## Exercise data
....
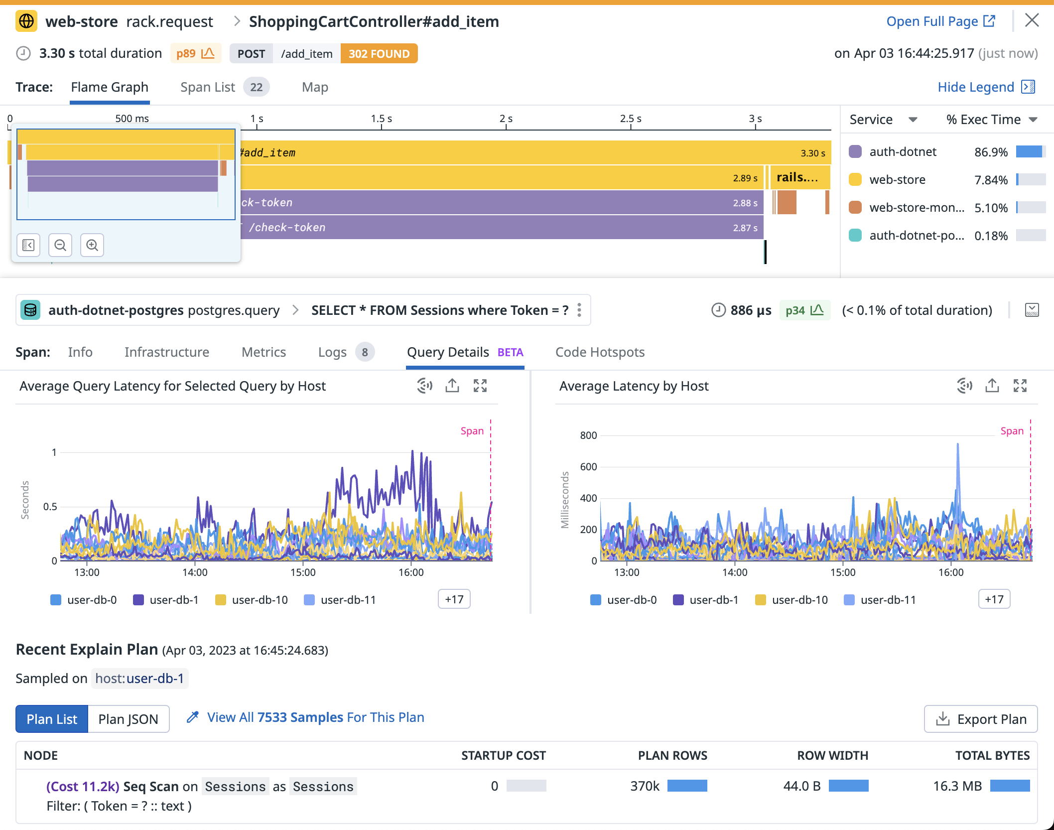 샘플된 대기 이벤트, 평균 대기 시간, 최근 캡처된 실행 계획 등 트레이스에서 실행된 쿼리와 유사한 쿼리의 성능 내역을 확인하여 향후 쿼리 성능을 컨텍스트 속에서 파악할 수 있습니다. 비정상적인 동작이 있는지 확인한 후 데이터베이스 모니터링으로 이동해 데이트베이스 호스트와 관련한 추가 컨텍스트를 더 자세히 조사할 수 있습니다.
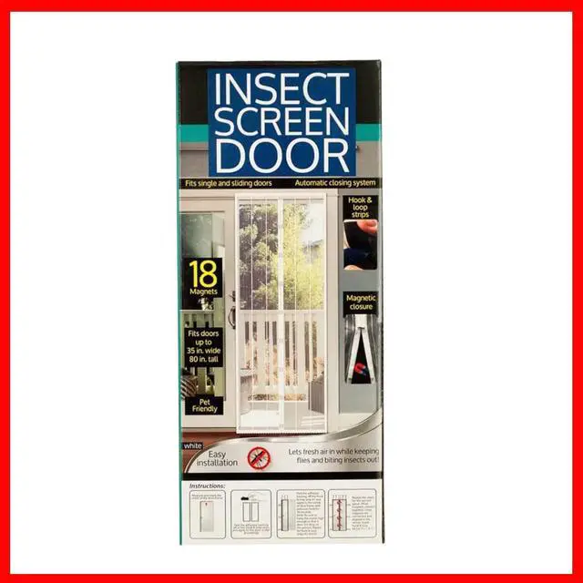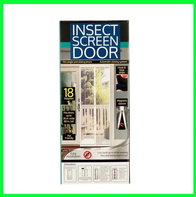 Screen Door: Invite refreshing breezes into your home while keeping flies and insects at bay with this Magnetic Screen Door. Effortlessly easy to install, it welcomes fresh air and blocks unwanted pests. Designed to fit single and sliding doors up to 80" tall and 35" wide, its durable white fine mesh screen features 18 powerful magnets for a seamless automatic closing system. Installation is a breeze with included hook-and-loop strips and clear instructions. Pet-friendly and practical, this screen door is a thoughtful gift idea for any home.
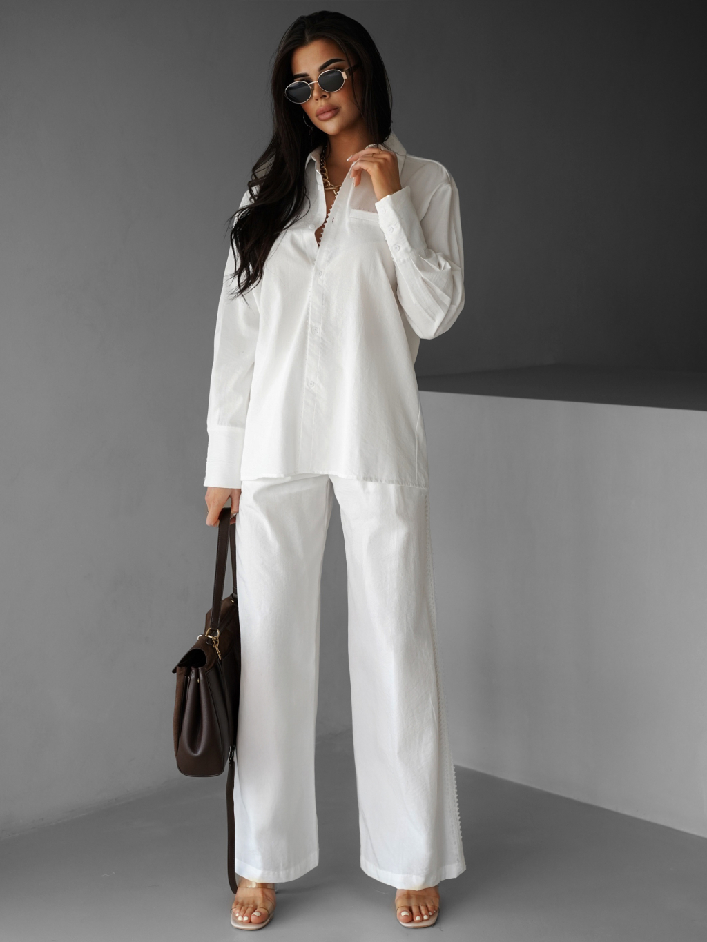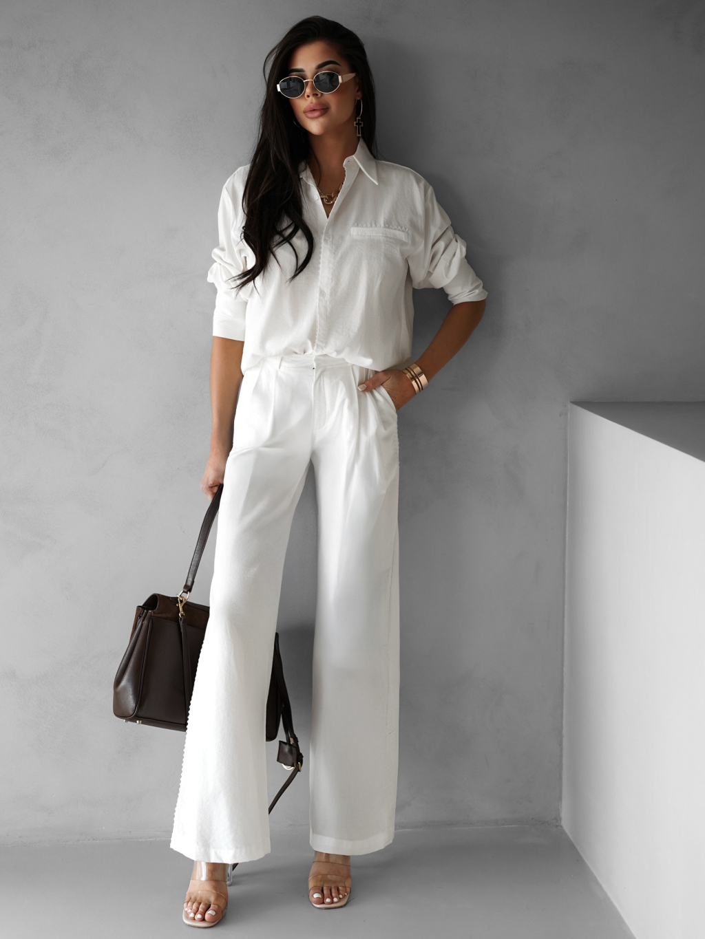 Biele široké ľahké voľné nohavice BODOY
....
## Task directions
Your copy should match the listing exactly, apart from the pictures it leaves out.

## Reply
 샘플된 대기 이벤트, 평균 대기 시간, 최근 캡처된 실행 계획 등 트레이스에서 실행된 쿼리와 유사한 쿼리의 성능 내역을 확인하여 향후 쿼리 성능을 컨텍스트 속에서 파악할 수 있습니다. 비정상적인 동작이 있는지 확인한 후 데이터베이스 모니터링으로 이동해 데이트베이스 호스트와 관련한 추가 컨텍스트를 더 자세히 조사할 수 있습니다.
 Screen Door: Invite refreshing breezes into your home while keeping flies and insects at bay with this Magnetic Screen Door. Effortlessly easy to install, it welcomes fresh air and blocks unwanted pests. Designed to fit single and sliding doors up to 80" tall and 35" wide, its durable white fine mesh screen features 18 powerful magnets for a seamless automatic closing system. Installation is a breeze with included hook-and-loop strips and clear instructions. Pet-friendly and practical, this screen door is a thoughtful gift idea for any home.
 Biele široké ľahké voľné nohavice BODOY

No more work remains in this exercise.